Could you print, exactly and without pictures, only the lines from the one with "Leather - Red" through the end of the records below?

Segment Start: WORKING DATA

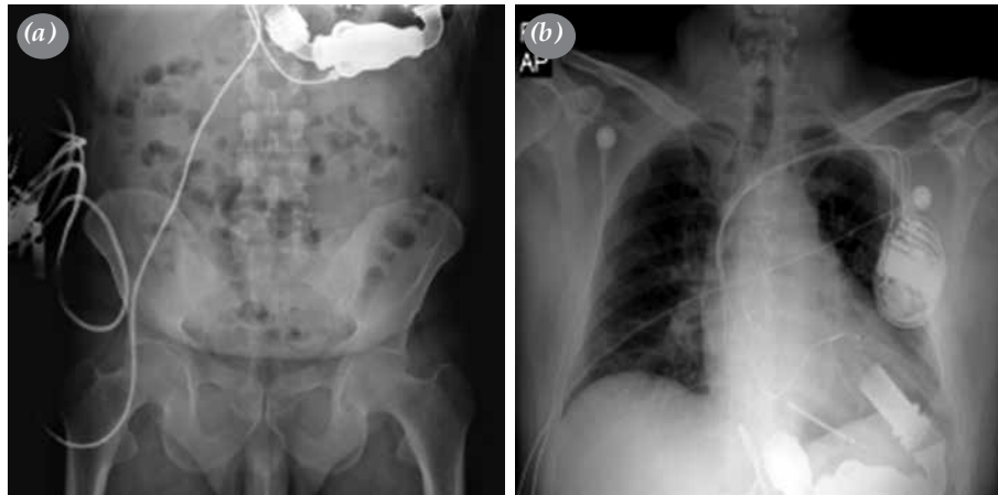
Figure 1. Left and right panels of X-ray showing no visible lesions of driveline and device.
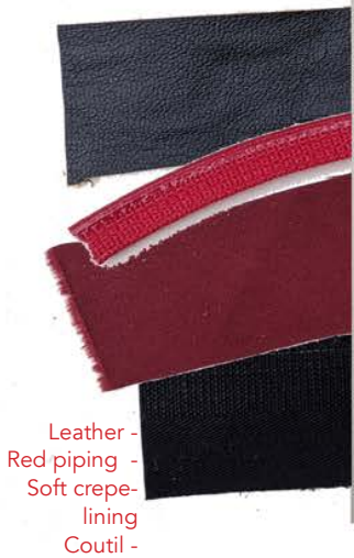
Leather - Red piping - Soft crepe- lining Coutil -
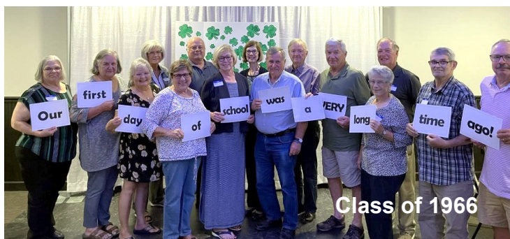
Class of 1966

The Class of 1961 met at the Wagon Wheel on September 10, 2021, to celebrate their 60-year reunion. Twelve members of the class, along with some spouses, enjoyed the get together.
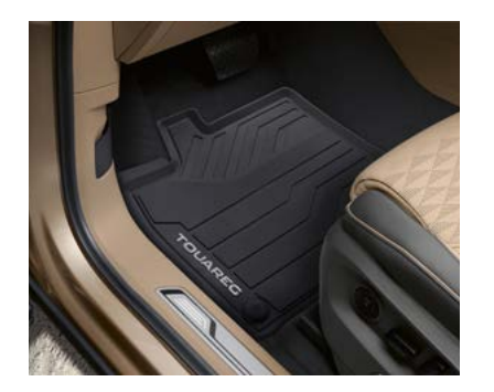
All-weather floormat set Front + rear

Segment End: WORKING DATA

• [ANSWER FOR THE TASK]
Leather - Red piping - Soft crepe- lining Coutil -
Class of 1966

The Class of 1961 met at the Wagon Wheel on September 10, 2021, to celebrate their 60-year reunion. Twelve members of the class, along with some spouses, enjoyed the get together.
All-weather floormat set Front + rear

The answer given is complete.